Institute of Political Economy

Surpassing neoliberal fictions towards mission-oriented state

In Sri Lanka, public policy lost in the neoliberal haze treats the market as a cure for all ills. Not only is the market omnipresent, but it is also omniscient and omnipotent. The charm of the ‘market’ that research and advocacy lobbyists are creating is so alluring that only a few wonder what abyss the neoliberal pied pipers are leading Sri Lanka into.

 

We have resorted to market solutions out of desperation. Starting from the Balance of Payment crises in the 1960s and 70s to ‘pani kuppi’ at the time of the COVID-19 pandemic, to pyramid schemes in want of quick cash, to microfinance to drive financial inclusion and eradication of poverty, we have a plethora of experiences in seeking market-based solutions.

 

Walking at the edge of economic bankruptcy, we are also entertaining market-fostering surgical operations to transform failing State-Owned Enterprises (SOEs) into thriving private enterprises with the hope of earning quick dollars. On the side lines, a few wonders where selling national assets will lead us. What are we going to sell next when everything sellable is sold? Is privatisation the correct strategy to take the Sri Lankan economy out of the crisis? What alternate policies should be adopted so that a second default and chronic dependence on debt can be averted?

 

This article invites the readers to revisit dominant narratives on the market and business. While historicising the dominant narratives on the market and industry along with the local and global examples, the article builds a case for repurposing the Sri Lankan State towards the mission of steering the economy out of the crisis. Economic theories and frameworks do not stand alone in the history.

 

They evolve and adapt to changing circumstances. The Internet and mobile phones, built through government-funded projects, offer a vast pool of knowledge and wisdom at our fingertips.
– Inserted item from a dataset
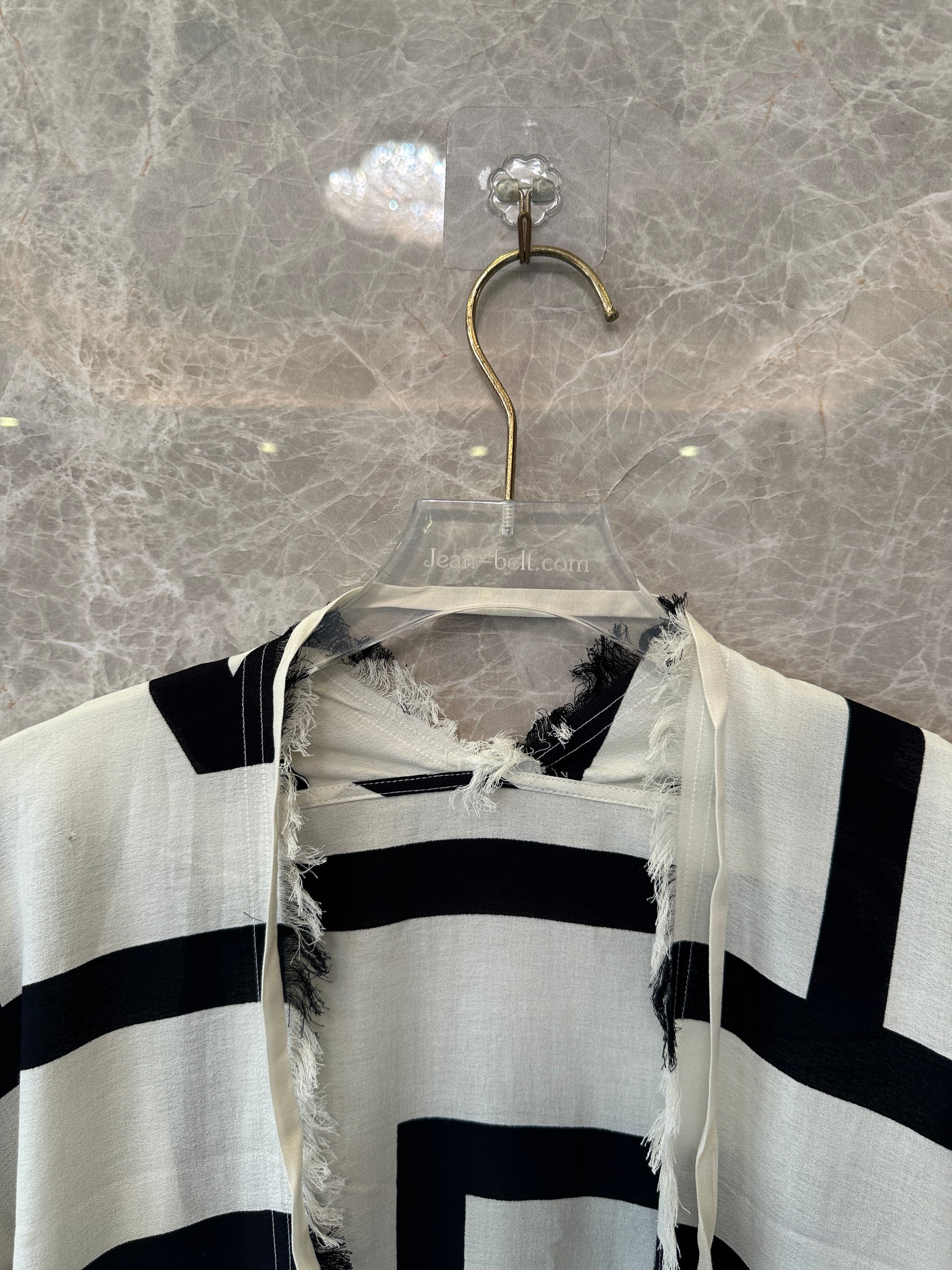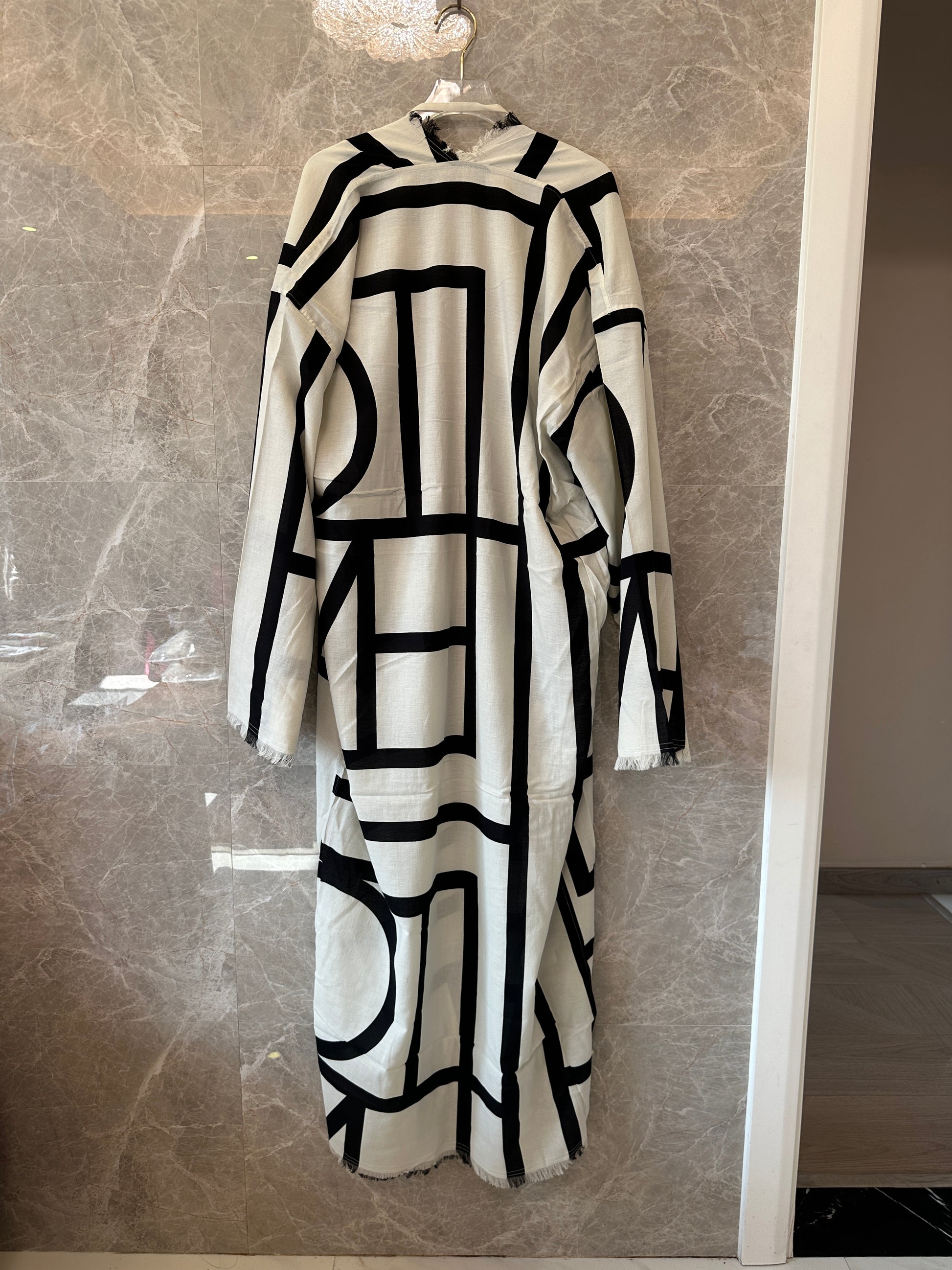 This long Toteme dress is defined by an all-over monogram graphic rendered in a bold ivory and black palette. Designed with a relaxed silhouette, it features a straight cut and subtle frayed edges that lend a modern, effortless finish.

So, we need not act as if we are trapped in a time capsule of a bygone era where information was scarce, and people lived in isolation and disconnected.

 

Markets work; govts don’t

 

Contrary to popular belief, markets cannot exist by themselves. They need to be created. From the point of creating necessary legal frameworks for the markets to exist, governments regulate them to ensure democratic control of the market. Government investments in technology, IT, medicine, and biotech have been fundamental to modern miracles like the Internet and the iPhone.

 

In times of crises, markets fail. Countless examples from the post-World War II, 9/11, the Global Financial Crisis in 2008, and the COVID-19 pandemic in 2020 illustrate the proactive role played by the governments in resurrecting the markets. Governments built markets from scratch, injected extra cash into troubled industries, provided concessional loans and subsidies or simply bailed them out.

 

Governments from the US, the UK, and Sri Lanka used public money to correct the market failures even when the markets were at fault. The best example is the Global Financial Crisis in 2008. After the Easter Bomb attack in 2019, the Government of Sri Lanka provided concessional loans to exporters and hoteliers using public money. Yet, many evade or dodge tax payments. In that sense, markets are parasites seeking benefits and externalising social costs.

 

‘Trickle down’ is the common belief that justifies lower taxes to the corporate sector. Even though it’s proven wrong innumerable times, pro-corporate policymakers and research and advocacy lobbies still hold onto it. For example, the non-implementation of a tax on bondholders who did not participate in the Domestic Debt Optimisation (DDO) in Sri Lanka was commended by saying it would have become a ‘revenge tax’ and discourage investments.

 

An incalculable number of tax holidays and concessions given to BOI companies, big agribusinesses, and others in the corporate sector to encourage private sector-led growth in Sri Lanka for decades have not nurtured a robust private sector economy. In an article in the New York Times in 2010, Paul Krugman compared the belief in trickle-down to “old voodoo economics – the belief, refuted by study after study, that tax cuts pay for themselves.

 

” Instead of trickle-down, tax relief to the rich ‘vacuums up’ the income and wealth of the working people. Wealth segregation in the upper echelons of income groups is the outcome. The UNDP Report in 2023 identified Sri Lanka as one of the four Asian countries having the highest wealth inequality.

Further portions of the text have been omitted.